Poems to Make You Laugh
by X. J. Kennedy
illustrated by Joy Allen
Little Brown 2002

How and why this hasn't crossed my threshold before, I don't know. In out house we have an avid poetry reader (age 8) who has read and reread all of Shel Silverstien's oeuvre, most if not all Jack Prelutsky's offerings, a good deal of James Stevenson's corn, a much-loved Karla Kuskin collection, a handful of Douglas Florian's imaginings and a variety of others. Her love of a particular Silverstien poem - The Rain in my Head -- is bolstered by her having memorized it back in kindergarden and to this day is still her favorite poem to recite.

It would seem that in all of her scouring of the poetry shelves we'd have seen this offering by X. J. Kennedy. It has the same feel a Silverstien collection with poems designed to entertain and illustrations to match. The poems are grouped (some more loosely than others) by subjects kids generally enjoy: far-out families, giants and dinosaurs, unlikely doings, and so on.

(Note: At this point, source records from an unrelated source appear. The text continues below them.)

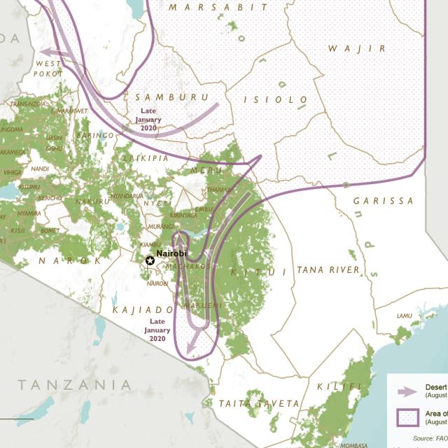 Der schlimmste Fall von Wüstenheuschrecken seit 25 Jahren breitet sich über Ostafrika aus und bedroht die Lebensgrundlagen und die Ernährungssicherheit von Millionen von Menschen. Die Wüstenheuschrecke (Schistocerca gregaria Forskål) ist eine Heuschreckenart, die mit zunehmender Anzahl und Dichte riesige und äußerst mobile Schwärme bilden kann. In Kenia wurden am 28. Dezember 2019 erstmals Schwärme von Wüstenheuschrecken in den Bezirken Mandera und Wajir gemeldet. Nach Angaben des Landwirtschaftsministeriums und der Ernährungs- und Landwirtschaftsorganisation der Vereinten Nationen (FAO) vom Februar 2020 sind - gemessen an der Landmasse - 75 Prozent des Landes betroffen. Zu den in Kenia am schlimmsten betroffenen Bezirken gehören die Bezirke Mandera, Marsabit, Wajir, Isiolo, Meru und Samburu. Diese haben zusammen 5.000 km2 (500.000 ha) an Fläche aufgrund der Heuschreckenplage verloren . Die sich weiter ausbreitende Wüstenheuschrecken-Plage wird Hunger und Unterernährung für ungefähr 3 Millionen Menschen in Kenia bedeuten, weil die Heuschrecken Agrarflächen befallen und somit die Ernten zerstören. Die agropastoralistischen Gemeinschaften im Norden Kenias sind besonders verwundbar und erholen sich gerade von einer langen Dürre und einer daran anschließenden, sehr starken Überschwemmung des Landes . Diese Menschen erleben daher eine besondere Not. Ohne ein Eingreifen ist in den kommenden Monaten mit einer gravierenden Verschlechterung der Ernährungssicherheit in den ländlichen Gebieten im Nordosten Kenias zu rechnen. Zu verhindern, dass die gegenwärtige Wüstenheuschreckenkrise zu einer Katastrophe wird ist entscheidend, um die negativen Auswirkungen auf das Leben von Millionen von Menschen in der gesamten Region zu mildern.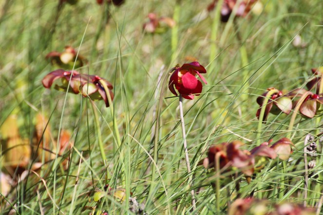Det är nämligen både gungfly och väldigt blött i den lilla mossen där det växer stora mängder av den köttätande flugtrumpeten.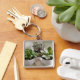 This keychain features a photo of three cute potted succulents in white containers with a seashell. Photo: © Z. Novosel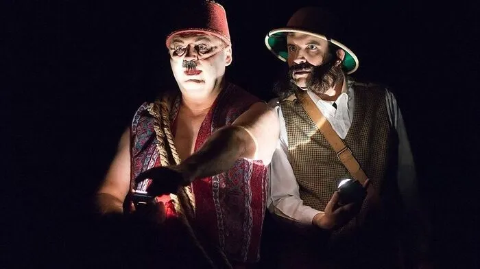 Angelehnt an Hitchcock- und Polanski-Filme glänzen Günther Grossegger und Johannes Hofer im Huabn-Theater in der Kostumkomödie "Das Geheimnis der Irma Vep".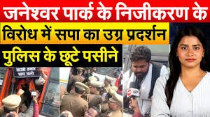 जनेश्वर पार्क के निजीकरण के विरोध में सपा का उग्र प्रदर्शन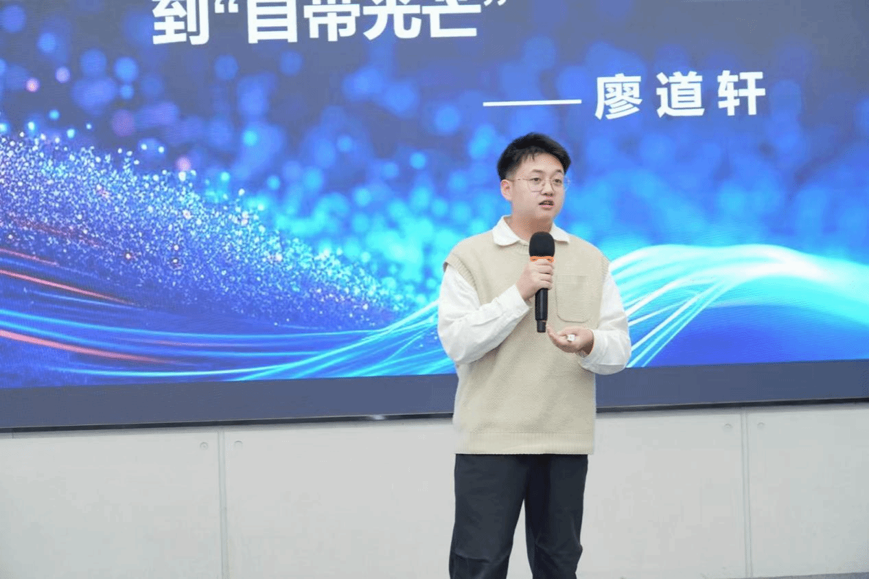 2025级同学王瑞基同学向大家分享他入学三月对追光的感悟:在师长同窗陪伴下追光,通过诗词大会收获成长,认为勇敢尝试、认真生活、温暖互助皆是循光之路,愿与大家共赴精彩,更寄语追光者积蓄力量,终会散发自己的光。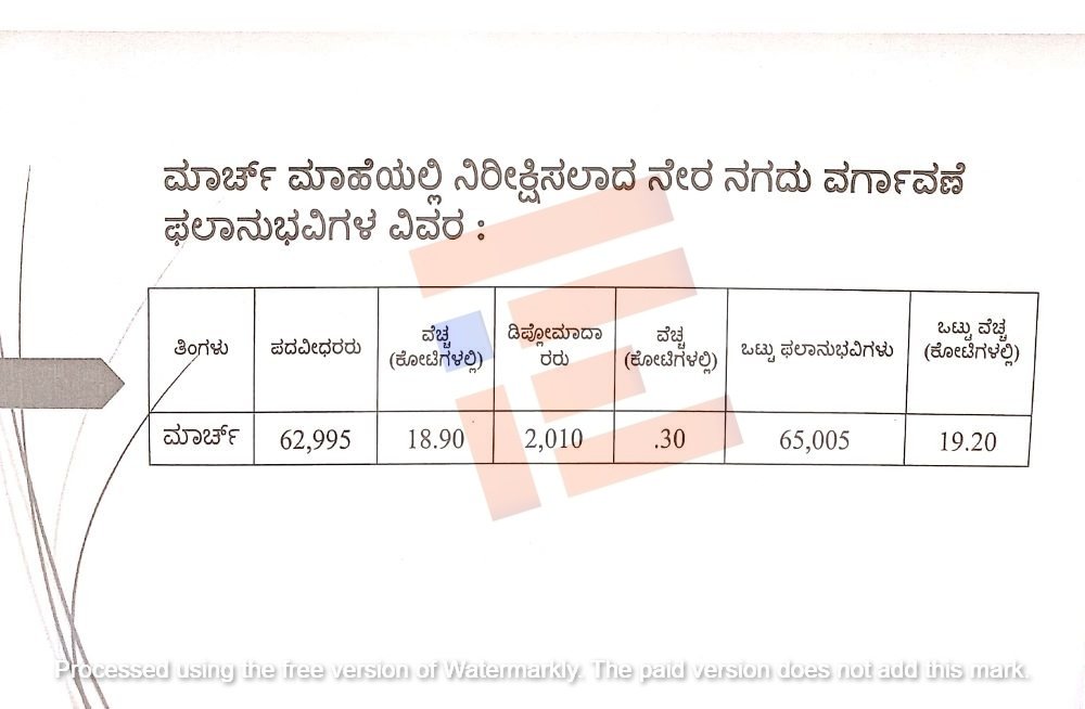 ಮಾರ್ಚ್ ತಿಂಗಳಲ್ಲಿ 62,995 ಪದವೀಧರರಿಗೆ 18.90 ಕೋಟಿ ರು, ಮತ್ತು 2,010 ಡಿಪ್ಲೋಮಾದಾರರಿಗೆ .30 ಕೋಟಿ ರು ಸೇರಿದಂತೆ ಒಟ್ಟಾರೆ 65,005 ಫಲಾನುಭವಿ ಅಭ್ಯರ್ಥಿಗಳಿಗೆ 19.20 ಕೋಟಿ ರು. ವೆಚ್ಚವಾಗಲಿದೆ ಎಂದು ತಿಳಿದು ಬಂದಿದೆ.

I stumbled onto this while shopping for the holidays, so I'm hoping my 8 year old poetess hasn't already read it, but even if she has poetry are the books she returns to over and over. It's one of those things kids do that somehow gets lost in the transition into adulthood. It's one of those mysteries I ponder, why it is that we drink in poetry as kids when we know nothing of poetic forms and structure, but feel as adults that we can't "understand" poetry because we feel a certain need to appreciate it on some higher level. Same problem with art museums I fear, but I digress.

In reading through the book I was sold once I reached a poem called "Italian Noodles":
Whenever I
Eat ravioli
I fork it fast
And chew it slowli
The poem's other rhymes follow suit: spaghetti/rhetti, ziti/priti, pasta/fasta (and the less impressive lasanga/on ya) and it's that love of goofy language that flies well in this house.